# Wireless cards, which is recommended? Cisco? Linksys?

## squanto

Hey all, although I searched the forum, I have found problems with most all wireless pcmcia cards listed.  I was just curious as to which cards people have had success with / which people didn't.  I would like to get a wireless card for my IBM T22 laptop to use here at school.

Our campus computer store sells Linksys I think, so I could get a good deal on one of them, but I have heard good things about the Cisco Aironet 350 cards too, in mags and whatnot.

To use our network here at school we have to have a VPN client installed, and we have to log on, to keep people from mooching off the wifi signals I guess, but I think I have a way to get around it, it is pretty simple I think.

But any considerations as for the VPN situtation that people have had expeirence with would probably help me out with my decision too.

I found these posts, but would like some info on Linksys vs Cisco vs Orinoco vs any others:

https://forums.gentoo.org/viewtopic.php?t=12044&highlight=wireless

https://forums.gentoo.org/viewtopic.php?t=11036&highlight=wireless

https://forums.gentoo.org/viewtopic.php?t=9445&highlight=wireless

https://forums.gentoo.org/viewtopic.php?t=13921&highlight=wireless

The last one is in German and I can't read too much into it, me not knowing German and all... :Embarassed: 

Thanks alot for the advice!

Andrew

----------

## PimpNasty

My roommate has had some range problems with his LinkSys card.  He was thinking about buying a Cisco but they were to expensive for him.

----------

## squanto

 *PimpNasty wrote:*   

> My roommate has had some range problems with his LinkSys card.  He was thinking about buying a Cisco but they were to expensive for him.

 

Ya, $120 USD for a Cisco 350 wireless card is kind of on the expensive side, but supposidly they are worth it.  That was the main reason I posted this question, so I don't throw away a good bit o' cash.

Thanks,

Andrew

----------

## ghost_o

 *squanto wrote:*   

>  *PimpNasty wrote:*   My roommate has had some range problems with his LinkSys card.  He was thinking about buying a Cisco but they were to expensive for him. 
> 
> Ya, $120 USD for a Cisco 350 wireless card is kind of on the expensive side, but supposidly they are worth it.  That was the main reason I posted this question, so I don't throw away a good bit o' cash.
> 
> Thanks,
> ...

 

Unless you are getting or using a Cisco WAP, don't waste the cash on the card.  The throughput will be no better.  With a Cisco WAP, I can say that I have seen 10% better speeds than with Lucent and Nortel implementations in the same setup (office floor per WAP, 25 users 10~200ft open cubicle environment).  Cisco faired MUCH better in collision/throughput/broadcasts than all the others.  Mixing access cards with other vendor WAPs made minimal difference.

Just .02

-G

----------

## Heretic

Here's what I know about Cisco v Linksys cards.  I goto UT, we have a Wireless network across most of campus.  I can sit in my favorite coffee shop on the Drag and get wireless access with my Cisco.  With the Linksys, it never detects the network.

----------

## Cheesefoam

Main difference is that with most wireless NICs, you can get at best 50 mW of power for transmitting.  Cisco cards will do up to 100 mW...  Superb range.  Where I'm at in grad school, the entire campus is blanketed with a Cisco 802.11a network - you can go ANYWHERE and have no connect problems at all with those NICs.

----------

## MasonMouse

I've used both a Linksys and Aironet (Cisco) card. My exerience was the same in that the Linksys had problems with range whereas the Aironet did not. I've also seen a utility that supposedly allows you to pump the power up on the Linksys but I didn't try it as I had already gotten the Aironet by then.
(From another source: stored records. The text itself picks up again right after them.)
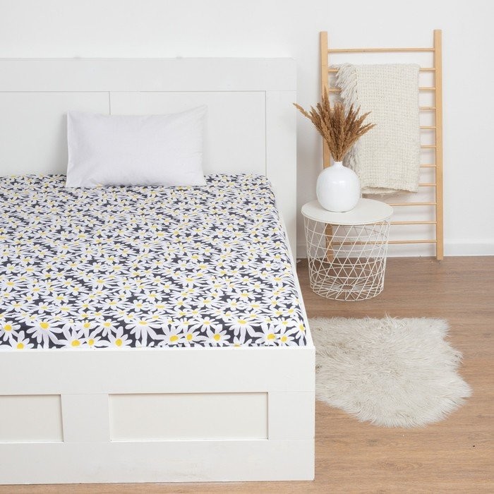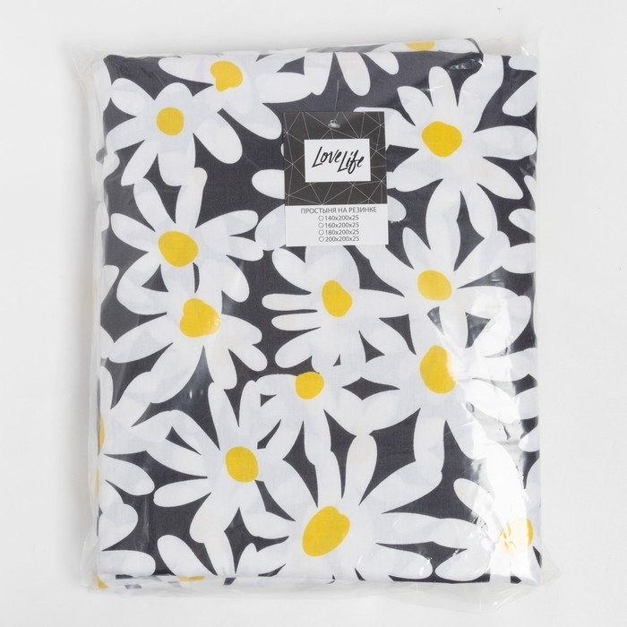 Простыня на резинке LoveLife 180*200*25см, «Ромашки», 100% хлопок, сатин, 125г/м²
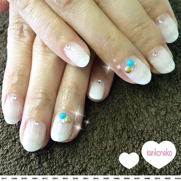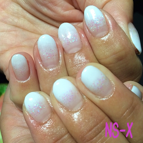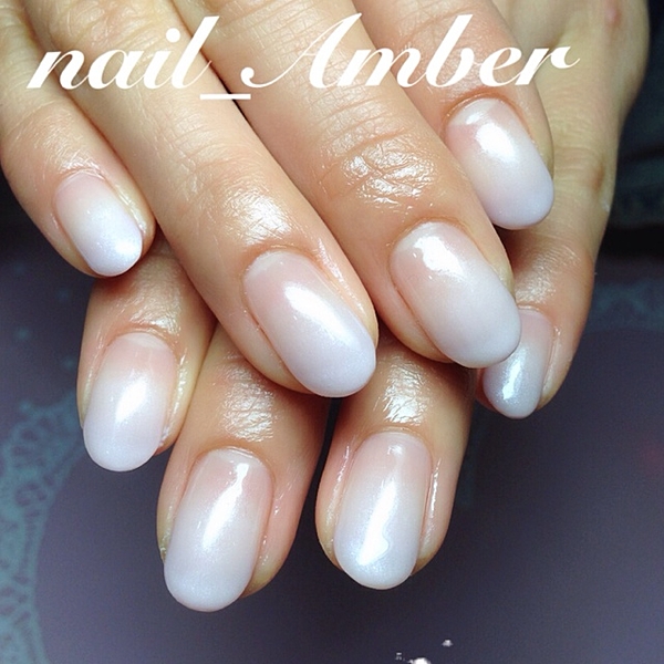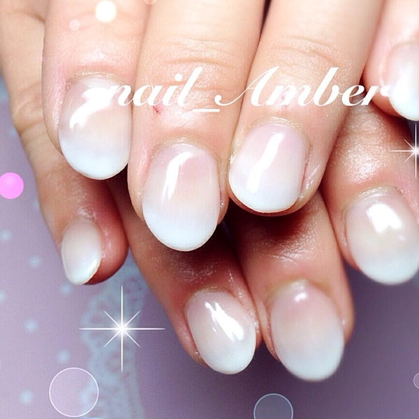 ややクリアに近いグラデーションが作れる薄めの白いネイルです。透明感を出して涼し気なイメージになりそう!
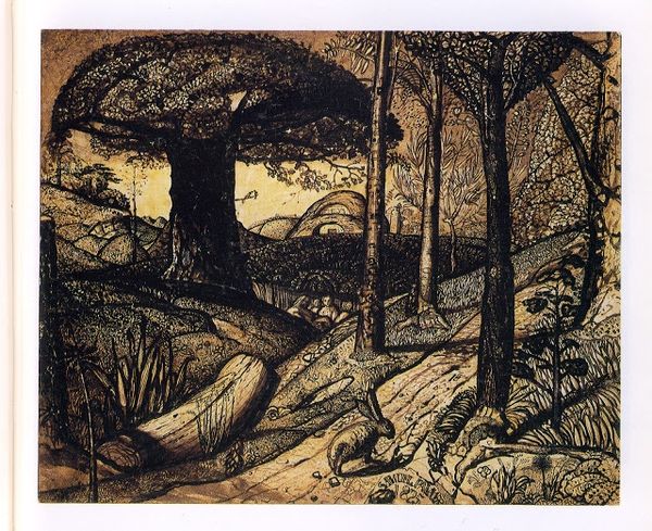 Editor: Here we have Nicholas Roerich's "Forest," painted in 1921 using tempera and oil paint. It strikes me as quite eerie. What do you see in this piece? Curator: Beyond the surface representation of a forest, I see a potent exploration of the relationship between humanity and nature, particularly relevant during Roerich's time, which saw immense social upheaval and environmental exploitation. Those figures lurking among the trees, are they guardians, or are they victims? How does Roerich use the visual language of symbolism to speak about the anxieties of a world undergoing rapid change? Editor: So you're saying it's not just a landscape, but also a commentary on the state of society? Curator: Exactly. The formal structure is quite interesting as well. The high horizon line, for instance, traps the viewer within the woods. And the simplified forms… do you think they echo traditional folk art, and therefore the resilience of Russian culture? Perhaps a gentle rebellion against the suppression that defined Russia and Eastern Europe during the early twentieth century. Editor: I never thought of it that way, but the figures *do* have a strange, almost defiant quality to them. Curator: Considering the artist's background and the political climate, the painting could be interpreted as a meditation on cultural identity and the need to safeguard it from oppressive forces. Don't you think the forest represents both a place of refuge and a site of potential danger? It seems to call to ancient pagan belief systems that empower women. How might the artist position that idea to the social-political dynamics of the time? Editor: I suppose that makes the title 'Forest' quite loaded. It's a call to protect not just the natural world but also cultural heritage. Thanks for helping me consider what I have overlooked here! Curator: And thank you, it is interesting how artworks allow to see our own reflections on canvas.
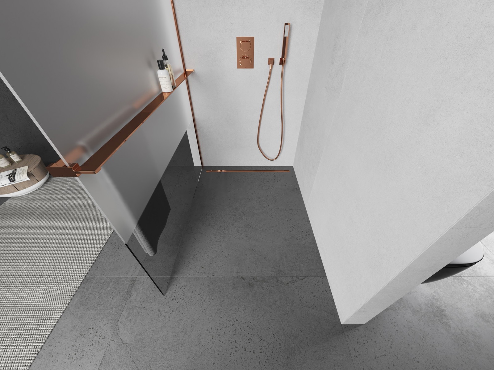 Mexen Kioto+ L tuš stena z polico Walk-in 100 x 200 cm, prozorno/zmrzlina, rožnato zlato - 800-100-123-60-35
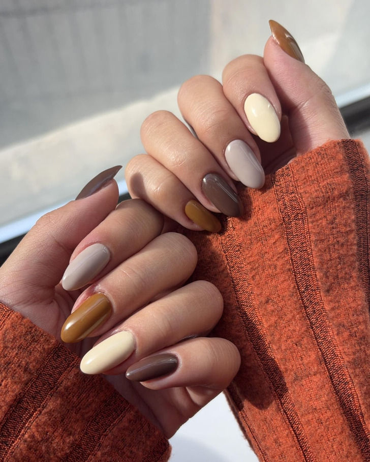 Czekoladowy odcień brązu był na szczycie popularności jesienią, jednak nadal jest aktualny teraz. Aby manicure wyglądał elegancko, lepiej wybierać cieplejsze tony. Magazyn Allure nazwał taki brąz jednym z głównych kolorów zimowej palety.
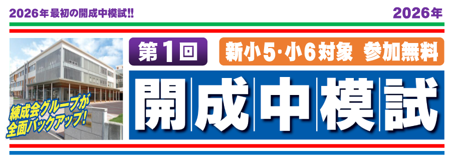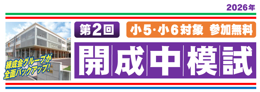 開成中模試(2026年) | 練成会グループ《公式》2025.12.212024.12.25受検上のお願い◆駐車場指定駐車場がありませんのでご注意ください。お車での送迎の際、会場周辺での路上駐車はご遠慮ください。◆開場時間会場準備の関係上、午前10:00から会場への入室が可能となります。開場まで1階にてお待ちください。◆答案・個人成績表の配付開成中模試の受検後、答案・個人成績表につきましては、練成会グループ塾生は通塾会場にて配布、一般の方は郵送となります。精度の高い合格判定を行うため、受検から約2週間後の返却・配布となります。お申し込みはこちら
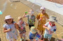 В детском саду прошел праздник мыльных пузырей на свежем воздухе.
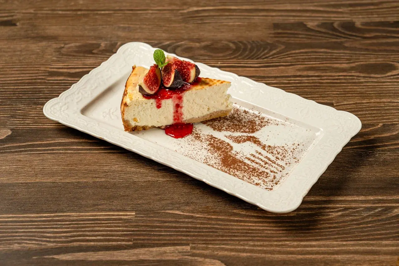 Состав: печенье, творожный сыр, масло сливочное, сахар, сливки, яйца, голубика, клубника, мята
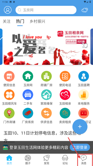 1、打开玉田生活网应用,点击底部消息选项,进入消息页面。
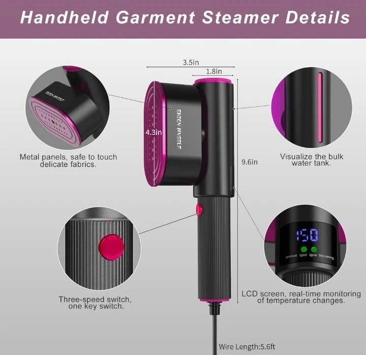 Whats Included: Contains a hand-held garment steamer suitable for 100-120V voltage, a silicone hot pad, a storage bag and a measuring cup, and also a lint roller with three replacement rollers 3-In-1 Ironing Modes: With three ironing modes, the garment steamer combines traditional ironing with steaming. Use low steam for small creases, high steam for large creases, or dry ironing for stubborn wrinkles. The switch with indicator light allows for easy adjustments Effortless Wrinkle Removal: Our powerful hand-held steamer heats up in just 30 seconds to 302°F with 1200W power and 15g/min steam volume. The upgraded metal panel ensures stable and powerful steam output, making it easy to remove wrinkles from clothes Leak-Proof and Spill-Proof: With our latest leak-proof technology, you can use steam easily at any angle without worrying about water spilling and damaging your clothes. The LCD screen monitors temperature changes in real-time Portable and Versatile: Our 90° rotatable head and steam output that glides evenly on delicate fabrics make it simple to achieve wrinkle-free clothes. Its lightweight and compact design make it easy to store and carry, perfect for home use and travel
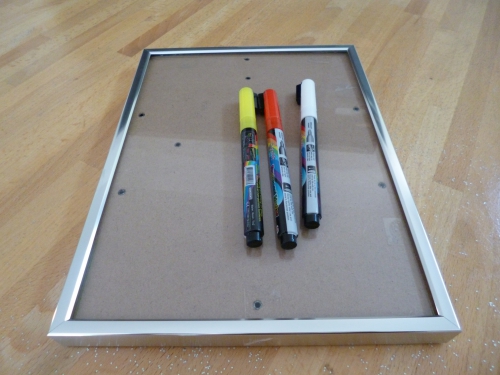 J’ai utilisé un cadre photo en enlevant le fond et en scotchant le verre au cadre. Et quelques marqueurs craies (effaçables à l’eau).
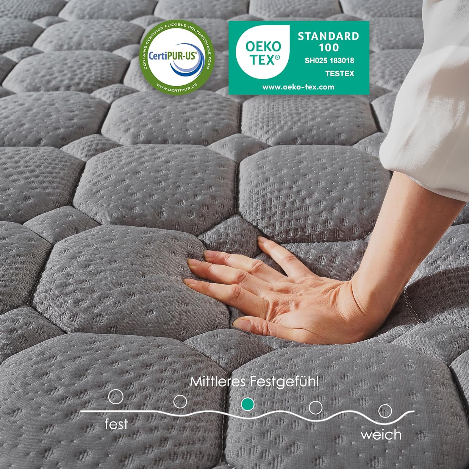 Hergestellt nach höchsten Qualitätsstandards und zertifiziert nach dem Oeko-Tex Standard 100, steht die Vesgantti Matratze für Sicherheit, Nachhaltigkeit und Made-in-Germany-Qualität. Jede Komponente wurde sorgfältig ausgewählt, um Ihnen nicht nur in der ersten, sondern auch in der hundertsten Nacht denselben exzellenten Liegekomfort zu bieten.

I was using a Linksys wireless access point with the Linksys card too so it wasn't a compatibility issue. The Aironet cards still seemed to work better with it than their own! In fact, that AP has since bit the dust and I'm now using an old laptop with an Aironet card as my access point and it works as well as the "real" access point.

----------

## taznumber1

I have a Cisco Aironet 350 Card because my school usese all Cisco networking equipment, and that is what my campus computer store sells.  I have had no problems getting connected anywhere on campus, and I always get a signal and even in places that my buddies do not get a connection.

But as far as you linksys problem about them never getting a connection you might your campus's SSID that is an idea that identifies that network, and allows those clients to connect to that network, if your school has it set up that you must use there SSID then you need to find out what it is and set it up with your linksys card.  I have seen that work many times.

----------

## spooon

I just bought an Orinoco gold card to use on campus. Installed it with ease and it works like a charm. Range and speed are great. I'd say that the Orinoco is second only to the Cisco 350, which was too much for my budget.

----------

## dreamsofxion

I too would recommend the Lucent/Proxim Orinoco card...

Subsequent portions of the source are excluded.